Especially in lower school, whenever I had a teacher I was particularly fond of, I always considered it to be both a blessing and a curse — a blessing because that usually meant one less teacher who found pleasure in denying students “bathroom privileges,” and a curse because I knew the chance of me blurting out “mommy” instead of “Ms Delanty” were far greater. I’ve always considered it unfortunate that such a habit should follow me through life, but in the case of Prada and Miu Miu, I simply can’t say that’s how I feel. More times than not, when I look at Prada’s spring 2015 collection, a paralyzing sense of awe washes over me, and a faint “mom” or “mommy” bubbles up. Yet to say this elicits the same sense of embarrassment that came with calling my 11th grade chemistry teacher “mommy” would be wrong. This time, I don’t feel an ounce of embarrassment — due in part, I assume, to the maternal role Miuccia Prada has rightfully hijacked in the fashion world: as the older, far-wiser-than-most, and timeless embodiment of fashion.
My mom has fed me nuggets of wisdom my whole life, but I’d be lying if I said I didn’t also enjoy picking-and-choosing from the advice that comes my way. A point of contention when I was younger was my uncanny ability to tidy up…well, nothing. “How hard is it to hang up your coat when you walk into the house?” was a question my mom frequently asked and to which I, much less frequently, had an answer for. Well finally, it seems, things are turning in my favor. Miuccia, my other mom — by way of her recent campaigns — has just the advice I’ve been looking for all along.
It started with Miu Miu’s spring 2015 campaign; a cherubic Mia goth, in whom I saw something kindred: perfectly capable of dressing herself in full Miu Miu, Mia is also equally as incapable of so much as tucking in her sheets.

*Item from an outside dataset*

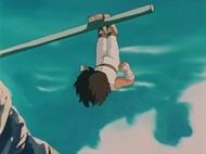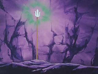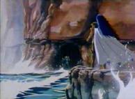Kanon es salvado de ahogarse por el Cosmos bondadoso de Atenea, aunque él lo ignora. En el fondo de la caverna-prisión, al otro lado del espeso muro de confinamiento, hay una gruta rocosa oculta a la que nadie sabe cómo se accede normalmente, detrás de la pared, en otra cámara de piedra que no tiene un acceso aparente, está escondido el tridente de Poseidón, sellado por Atenea. Kanon llega a este lugar y rompe fácilmente el sello de Atenea, que con el paso del tiempo ha perdido su poder, lo que provoca el hundimiento del suelo, siendo arrastrado bajo el océano hasta un gigantesco santuario submarino del Mediterráneo. En el manga, es en la cumbre de Cabo Sunion donde Tetis conduce años más tarde a Julián Solo frente al tridente de Poseidón.

And I’ll admit the message I chose to glean from just these two photos alone was a bit far-fetched — romantic even. But by the time the images for Prada’s spring 2015 campaign poured in, I knew there was no mistaking it. Miuccia isn’t simply here to pacify us — to tell us that it’s OK if we don’t make our beds; she’s emphatically urging us not to:
Don’t tuck in your sheets, she says, but also don’t even bother taking off your shoes when you enter the house:
No hook to hang your bag on? That’s what the floor is for:
Put your stuff on your shower ledge for all she cares:
Throw your jacket in the goddamn sink:
Toss your keys on the floor — and oh, those flowers you got? Throw them over your shoulder as the front door slams shut behind you; even if you did stuff them into a vase, they’d still have the shelf-life of a week anyway.
…Or maybe this is just the hopeful little girl in me talking.